New HELOCs and HELOANs as a fraction of new mortgages. Source: Authors’ calculations based on New York Fed Consumer Credit Panel/Equifax. The new HELOCs and HELOANs do not have to be for new mortgages

Conclusion

We find that acquiring a first-time mortgage is associated with other changes in consumer credit. A debt effect tends to increase credit card spending, and a credit effect leads to higher credit limits, possibly because lenders see timely mortgage payments. We find a robust and statistically significant effect of new-mortgage acquisition on credit card utilization, or the fraction of a consumer’s credit card limit that is used. In the short term, the effect is strong and positive. The long-term effect on utilization changed over time: we find that before the 2007–2009 financial crisis, the debt effect was relatively small, but the credit effect seems to have been larger, pushing down long-term utilization. In our sample period after the crisis, the reverse apparently was true: the debt effect of obtaining a new mortgage was higher, consistent with larger down payments leaving households more liquidity constrained. One way that this constraint appears is an increase in delinquencies in the short and long term. These effects persist after controlling for risk score and pre-acquisition average utilization.

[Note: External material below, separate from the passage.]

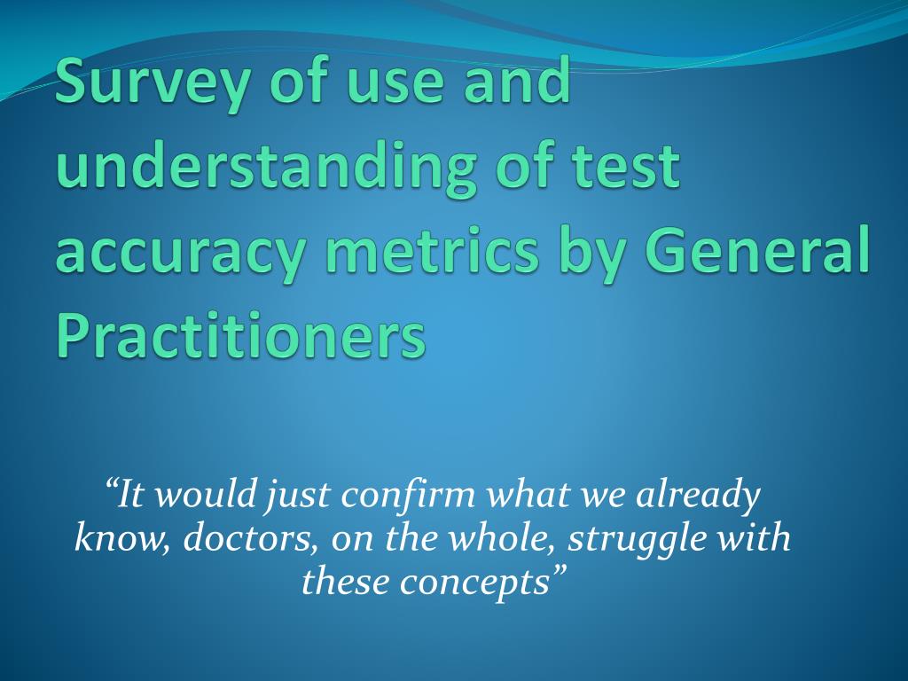 Survey of use and understanding of test accuracy metrics by General Practitioners “It would just confirm what we already know, doctors, on the whole, struggle with these concepts”

Judging by credit card use, it does not seem that mortgage acquisition drastically changes access to liquidity in the long term. While mortgage acquisition is associated with an increase in credit card utilization rates in the short term, over the long term, the impact is relatively small, even though there does appear to be an increase in delinquencies. Moreover, the average credit utilization for mortgage holders is the same as for non-mortgage holders. Because credit cards are one of the key sources of liquidity for American households, these findings cast doubt on approaches that rely on mortgage holders being particularly liquidity constrained long after mortgage acquisition. To be sure, some mortgage holders may be constrained, but beyond the period right around the mortgage acquisition, mortgage acquirers do not seem to be any more constrained on average than they were before mortgage acquisition, or than the average non-mortgage holder.